[Start of section]

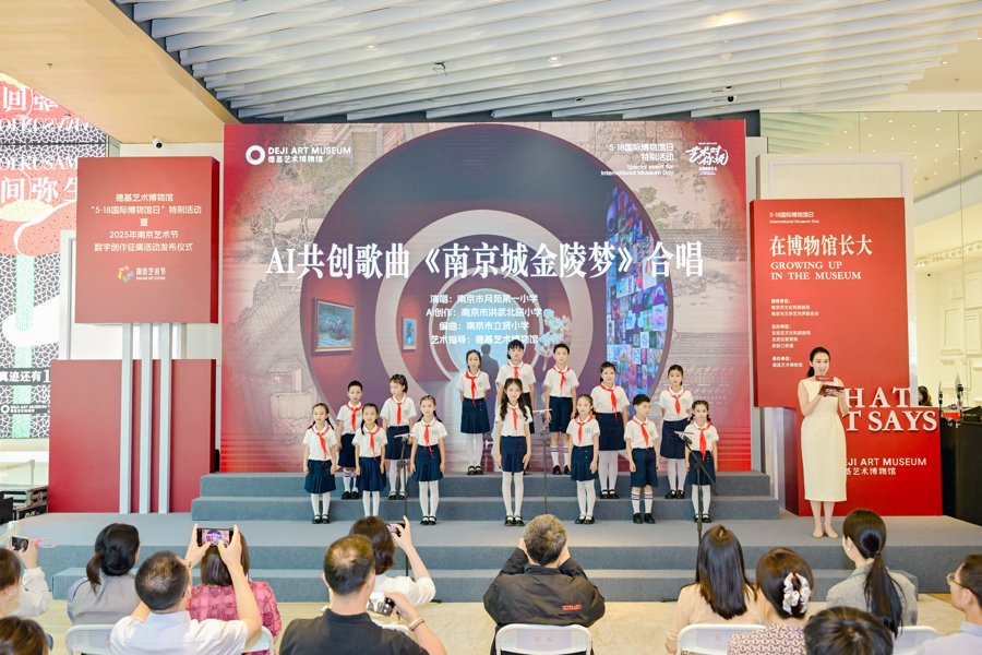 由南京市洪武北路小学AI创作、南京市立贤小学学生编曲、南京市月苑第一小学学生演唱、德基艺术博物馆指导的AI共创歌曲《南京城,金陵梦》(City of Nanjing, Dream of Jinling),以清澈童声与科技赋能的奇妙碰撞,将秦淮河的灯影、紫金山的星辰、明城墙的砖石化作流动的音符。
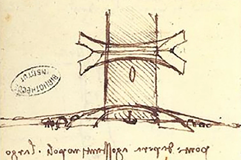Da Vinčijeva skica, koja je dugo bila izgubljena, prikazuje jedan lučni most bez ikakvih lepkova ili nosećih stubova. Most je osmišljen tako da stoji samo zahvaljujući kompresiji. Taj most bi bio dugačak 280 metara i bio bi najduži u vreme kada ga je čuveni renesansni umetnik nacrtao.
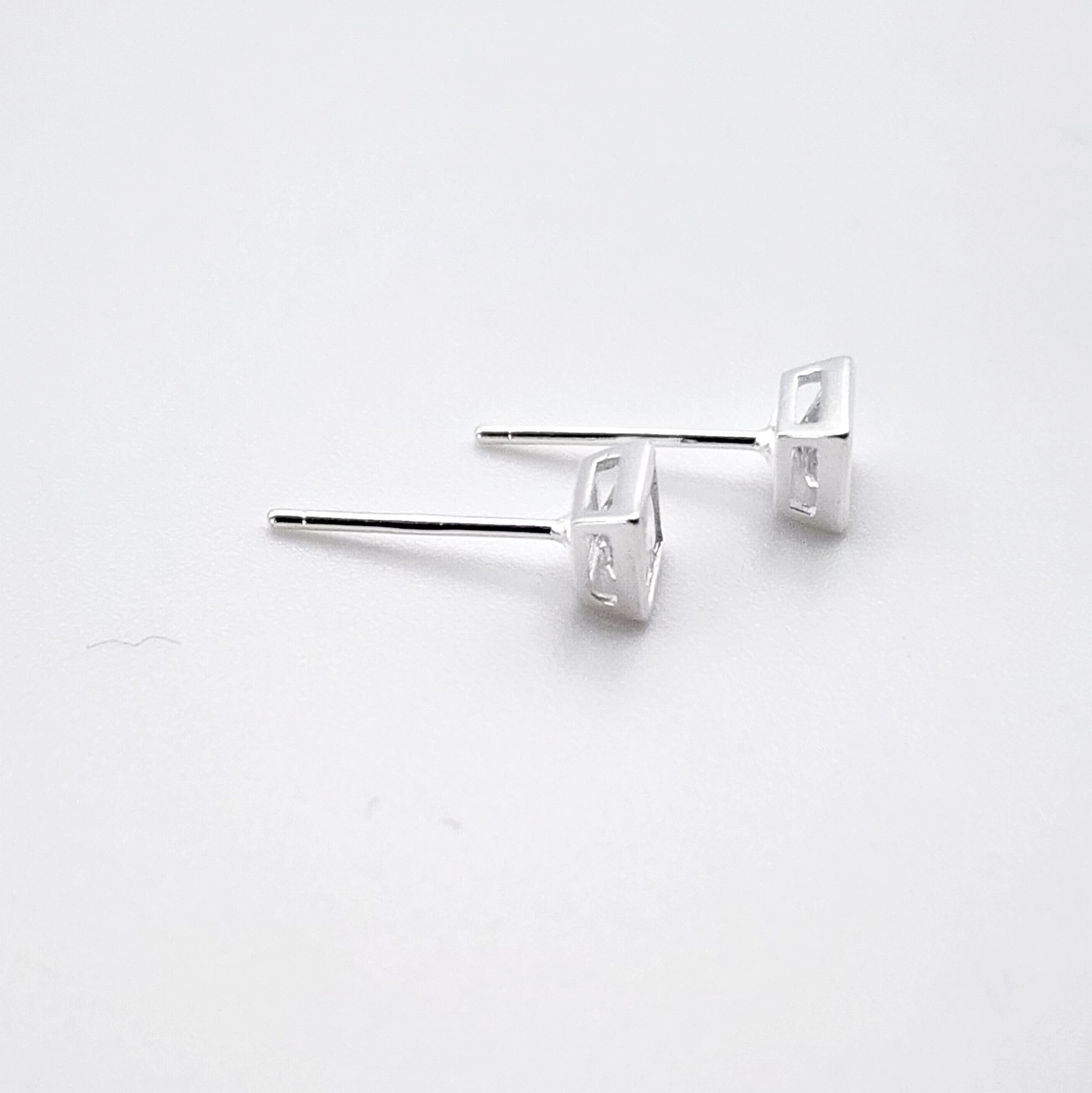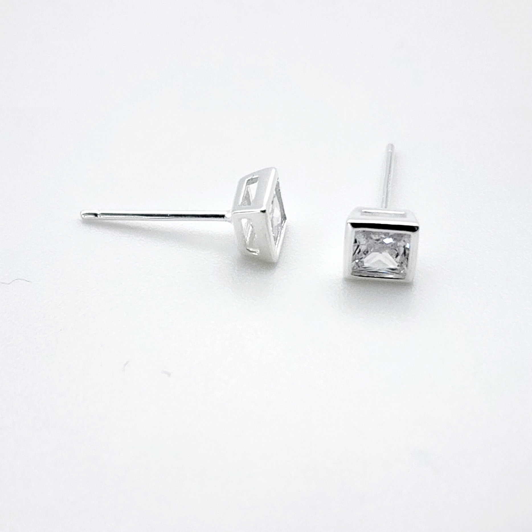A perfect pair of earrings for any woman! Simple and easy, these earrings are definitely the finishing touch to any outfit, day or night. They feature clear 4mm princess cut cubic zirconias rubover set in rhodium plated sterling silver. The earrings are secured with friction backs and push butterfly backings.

[End of section]
[Start of section]

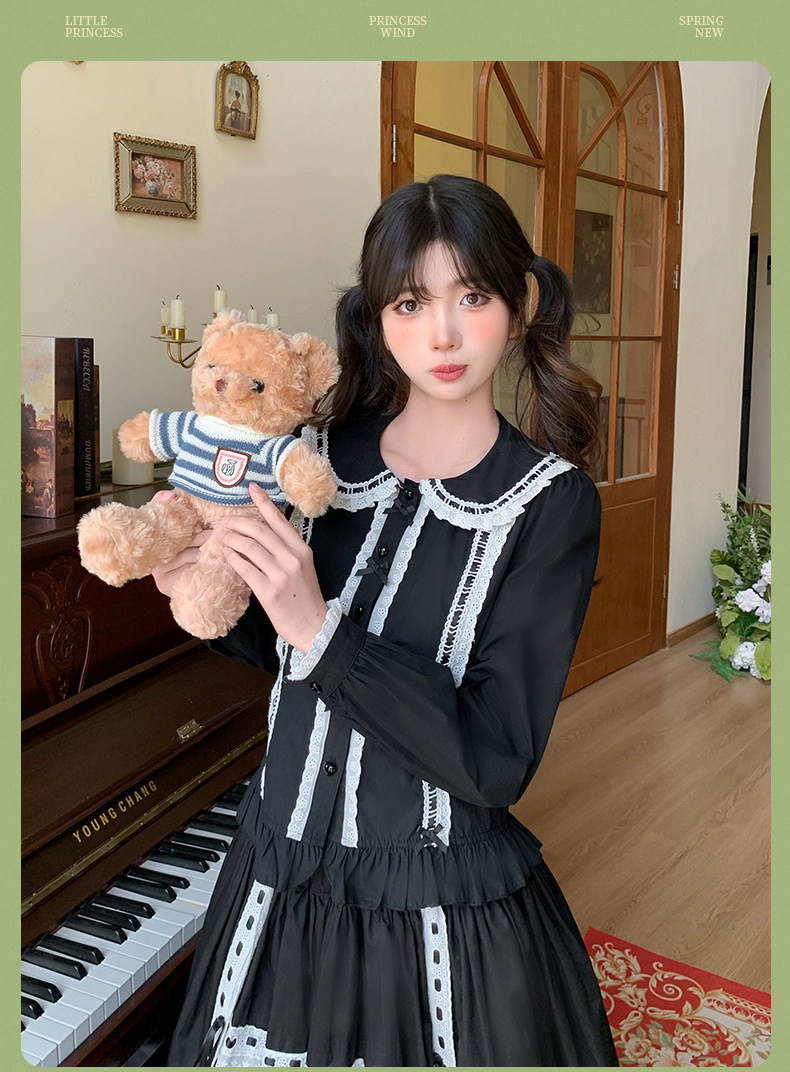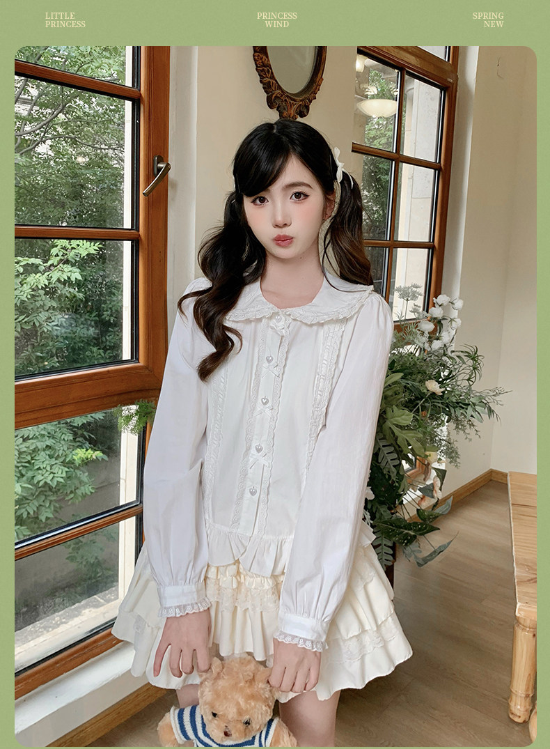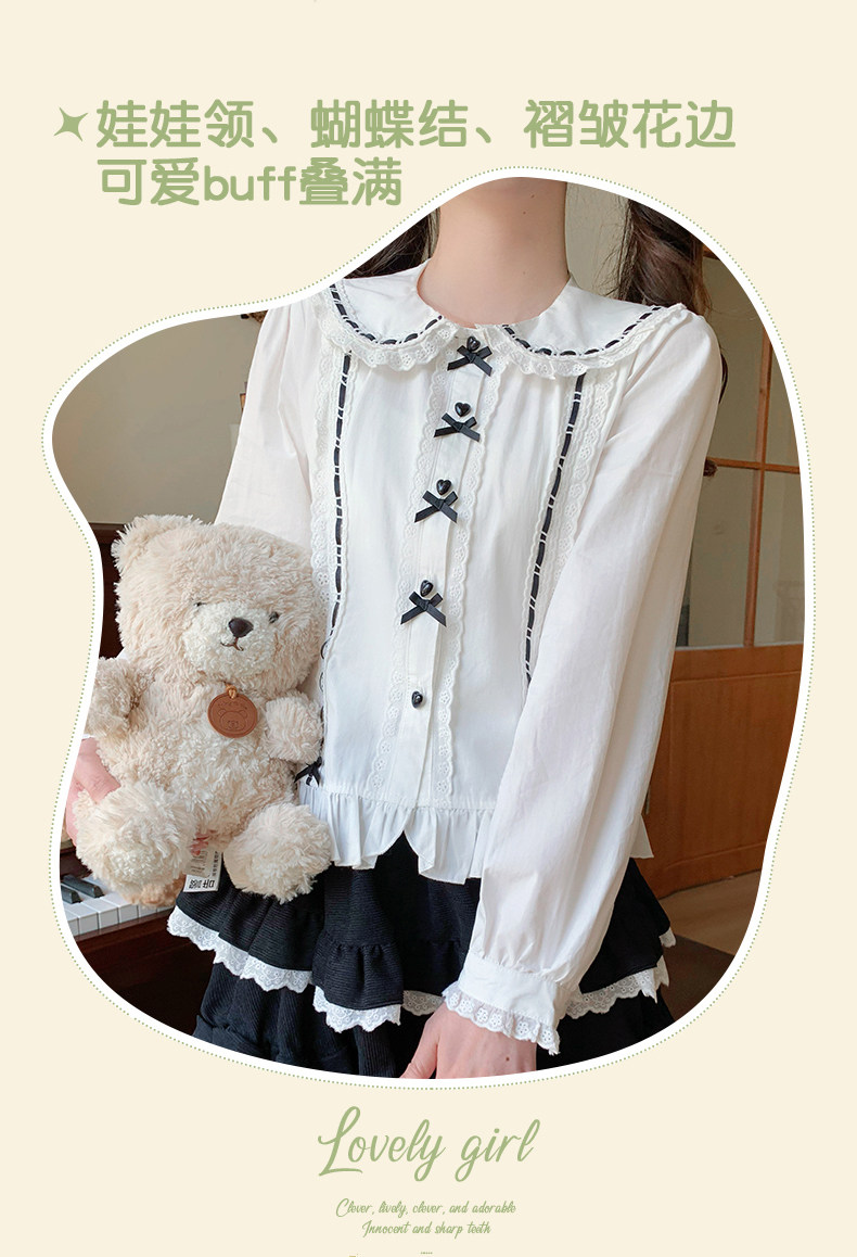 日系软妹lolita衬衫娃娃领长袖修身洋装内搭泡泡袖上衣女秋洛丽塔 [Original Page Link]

[End of section]
[Start of section]

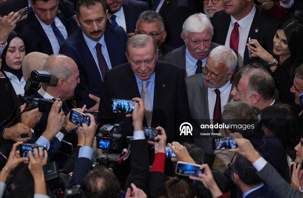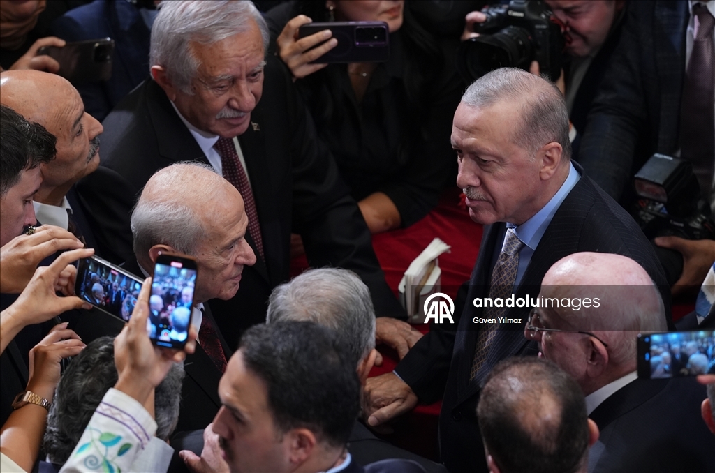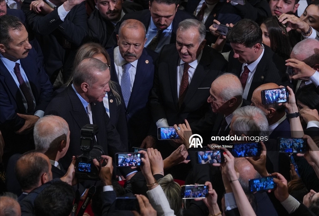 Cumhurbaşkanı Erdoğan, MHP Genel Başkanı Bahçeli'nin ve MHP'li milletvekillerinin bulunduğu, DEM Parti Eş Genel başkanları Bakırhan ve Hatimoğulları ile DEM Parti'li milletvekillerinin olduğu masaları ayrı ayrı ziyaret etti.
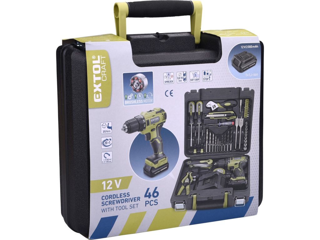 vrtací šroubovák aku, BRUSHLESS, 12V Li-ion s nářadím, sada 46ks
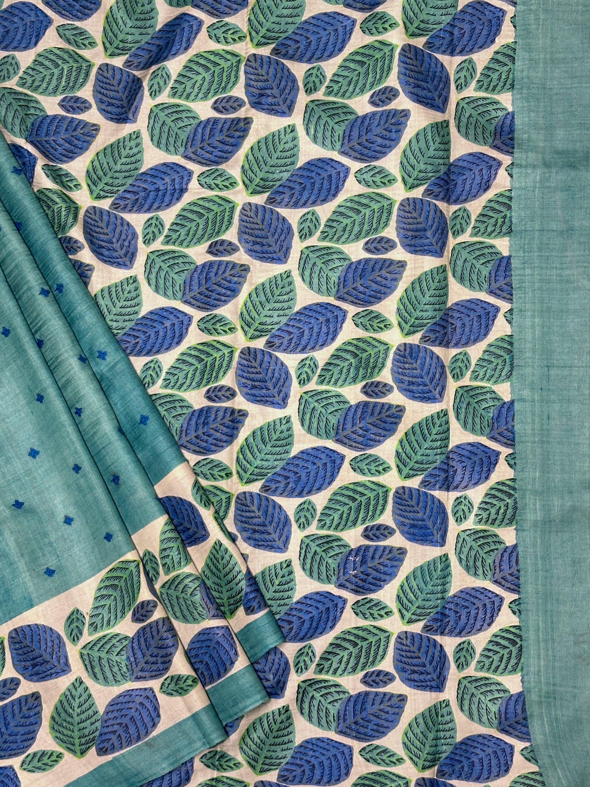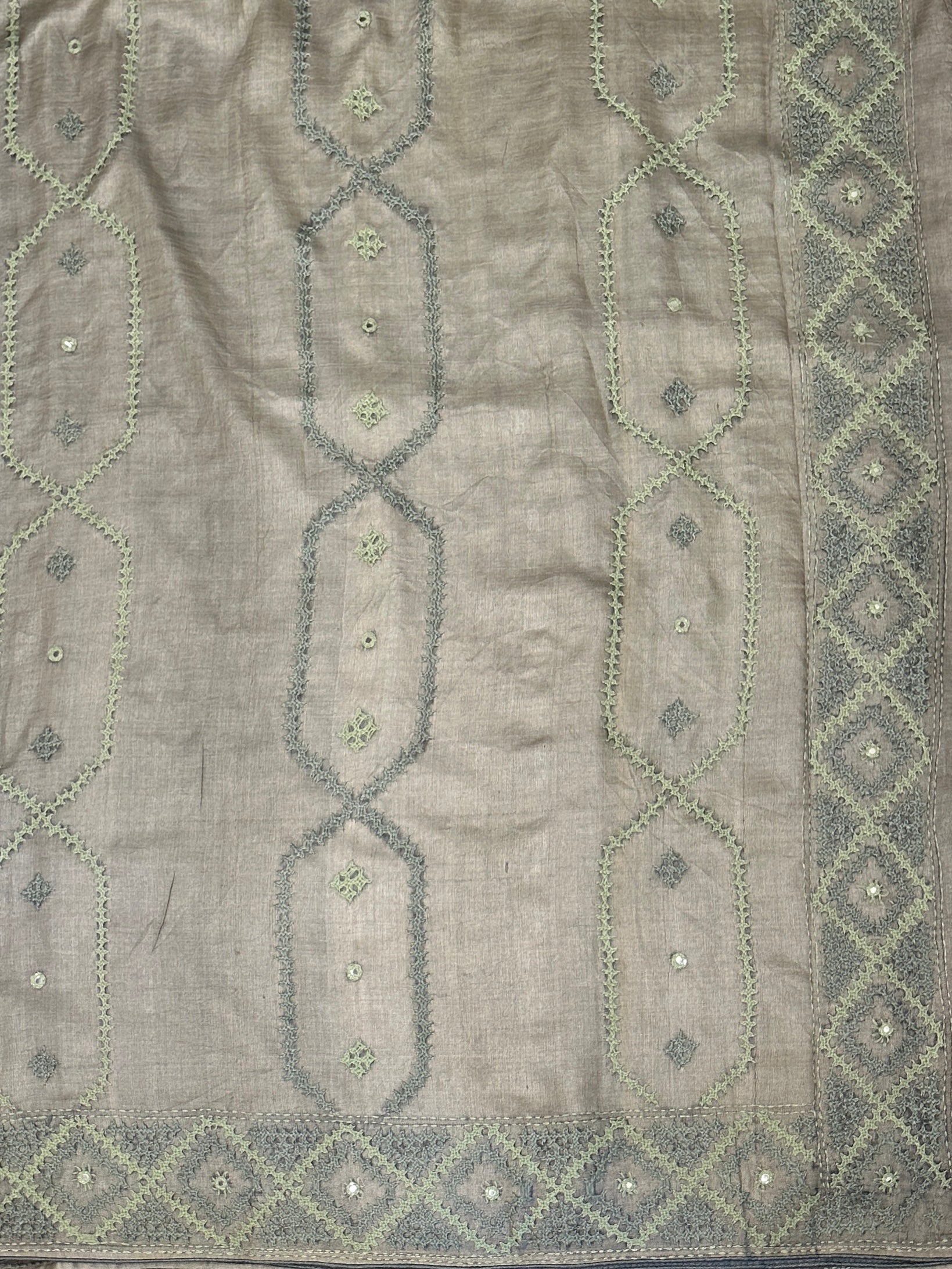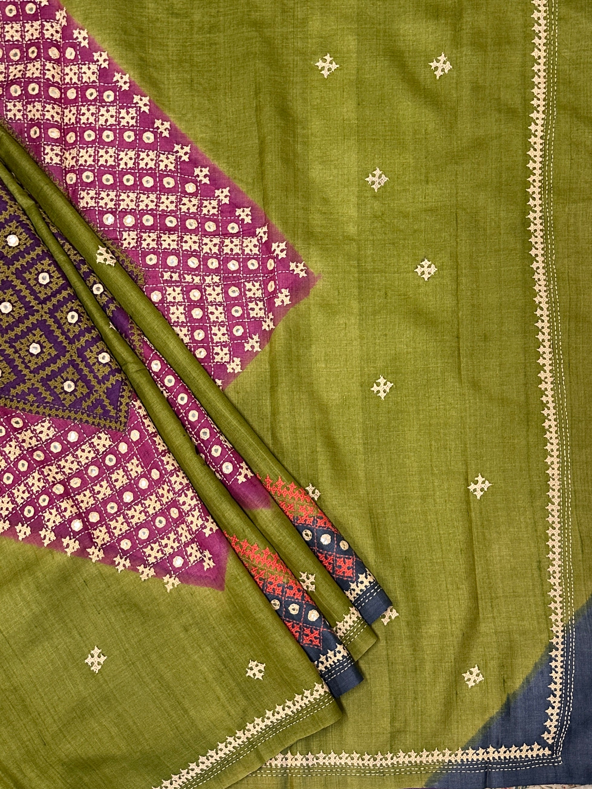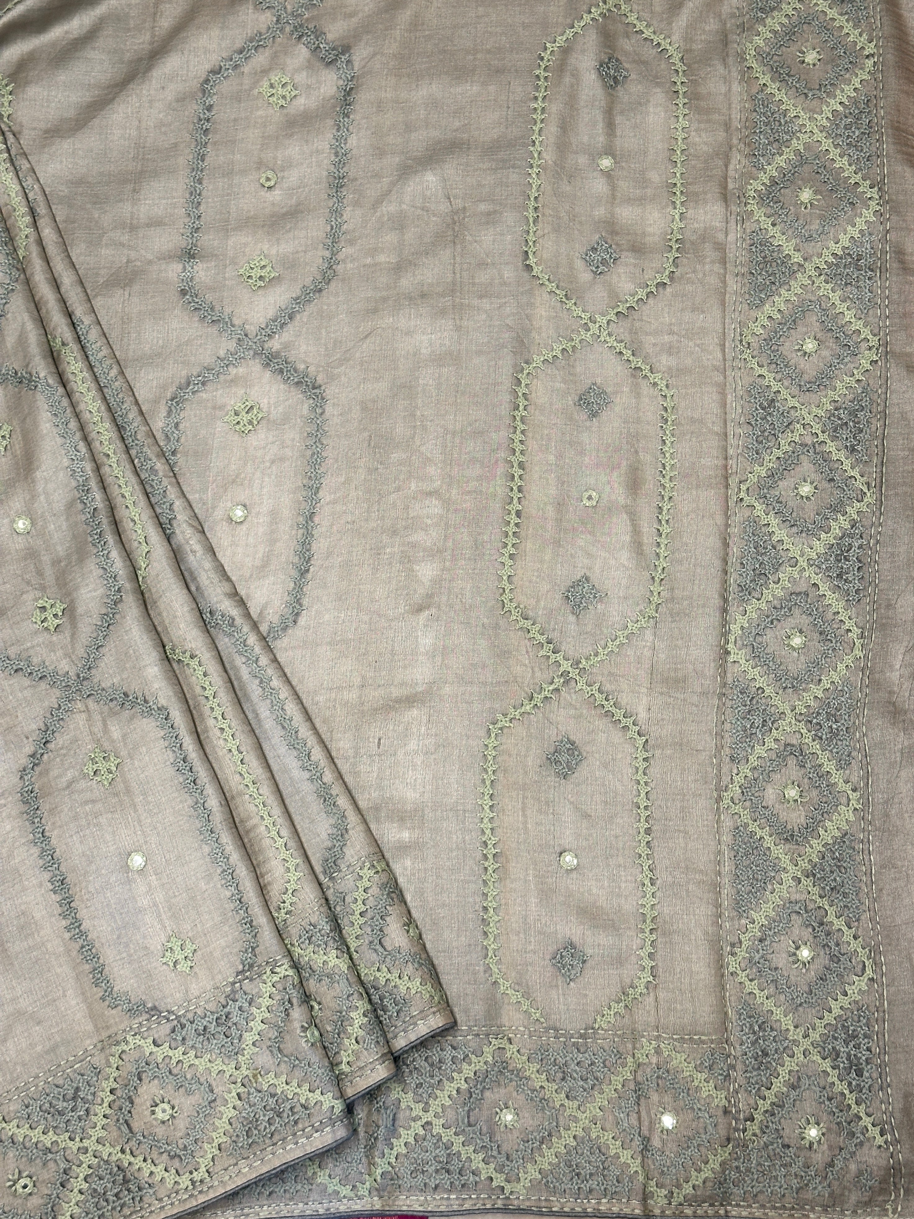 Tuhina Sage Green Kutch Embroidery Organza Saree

[End of section]

_PROBLEM DETAILS_.
From the records above, quote word for word only the lines beginning at the line that has "Da Vinčijeva skica, koja" and stopping after the line that has "A perfect pair". Omit the pictures.

_EXERCISE OUTPUT_.
Da Vinčijeva skica, koja je dugo bila izgubljena, prikazuje jedan lučni most bez ikakvih lepkova ili nosećih stubova. Most je osmišljen tako da stoji samo zahvaljujući kompresiji. Taj most bi bio dugačak 280 metara i bio bi najduži u vreme kada ga je čuveni renesansni umetnik nacrtao.
A perfect pair of earrings for any woman! Simple and easy, these earrings are definitely the finishing touch to any outfit, day or night. They feature clear 4mm princess cut cubic zirconias rubover set in rhodium plated sterling silver. The earrings are secured with friction backs and push butterfly backings.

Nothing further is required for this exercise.